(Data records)
○ ○ ○ ○ ○

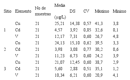 En la Tabla 2 se presenta el resumen estadístico de las concentraciones de los metales Cu, V y Cd medidos en las muestras de agua de lluvia que presentaron valores por encima del límite de detección (0,02 µg/L para cada elemento).
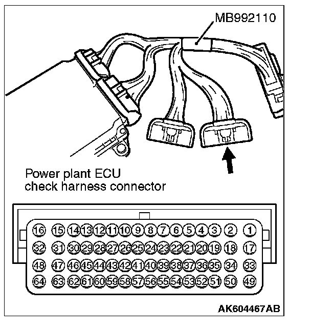 1. Disconnect all ECM connectors. Connect the check harness special tool (MB992110 between the separated connectors.
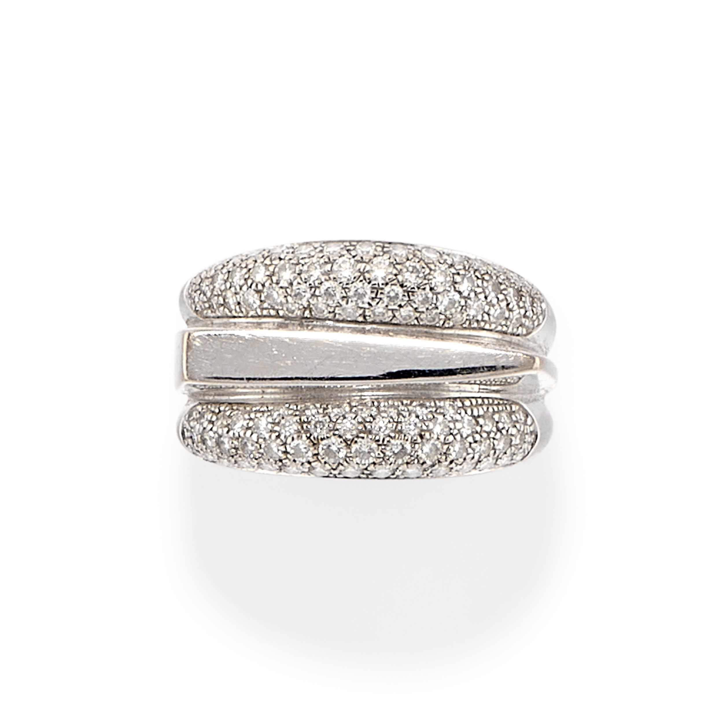 parte centrale liscia con profili in diamanti taglio brillante per totale ct 1,00 circa.
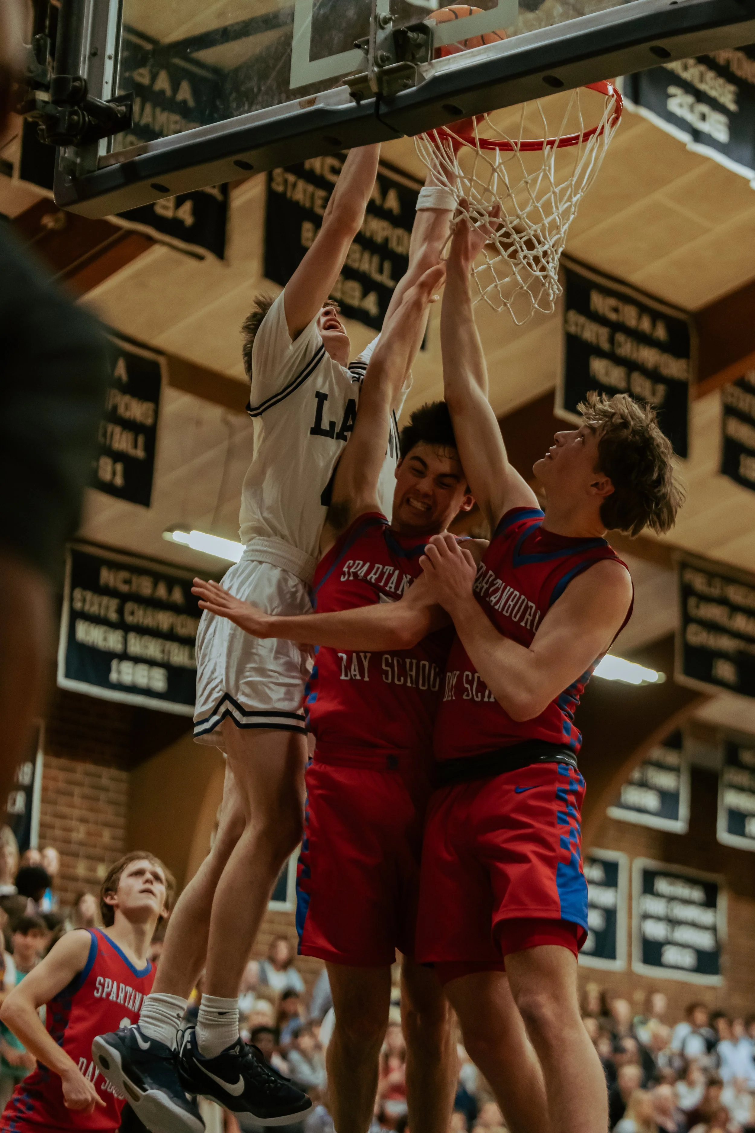 Two basketball players in a gym during a game, one dribbling the ball. A scoreboard shows Providence Day School Chargers vs Hawks with a score of 32-33.
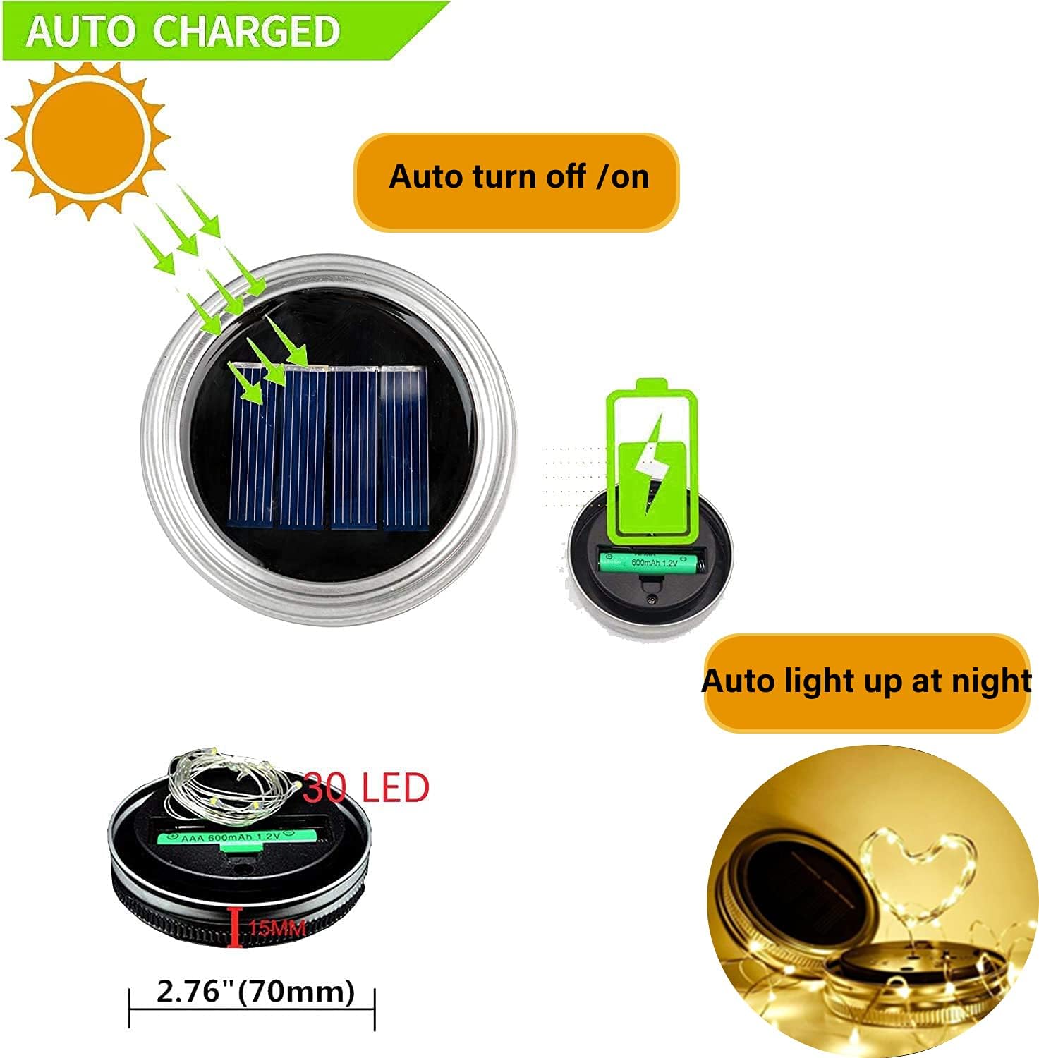 • Solar Powered: Fits regular mason jars, no jar included. Solar panel charges during the day for 8-12 hours of nighttime use.

○ ○ ○ ○ ○

Copy the final stretch of the entries exactly: the line containing "Two basketball players" and every line after it through the last. Include no pictures and nothing more.

 Two basketball players in a gym during a game, one dribbling the ball. A scoreboard shows Providence Day School Chargers vs Hawks with a score of 32-33.
 • Solar Powered: Fits regular mason jars, no jar included. Solar panel charges during the day for 8-12 hours of nighttime use.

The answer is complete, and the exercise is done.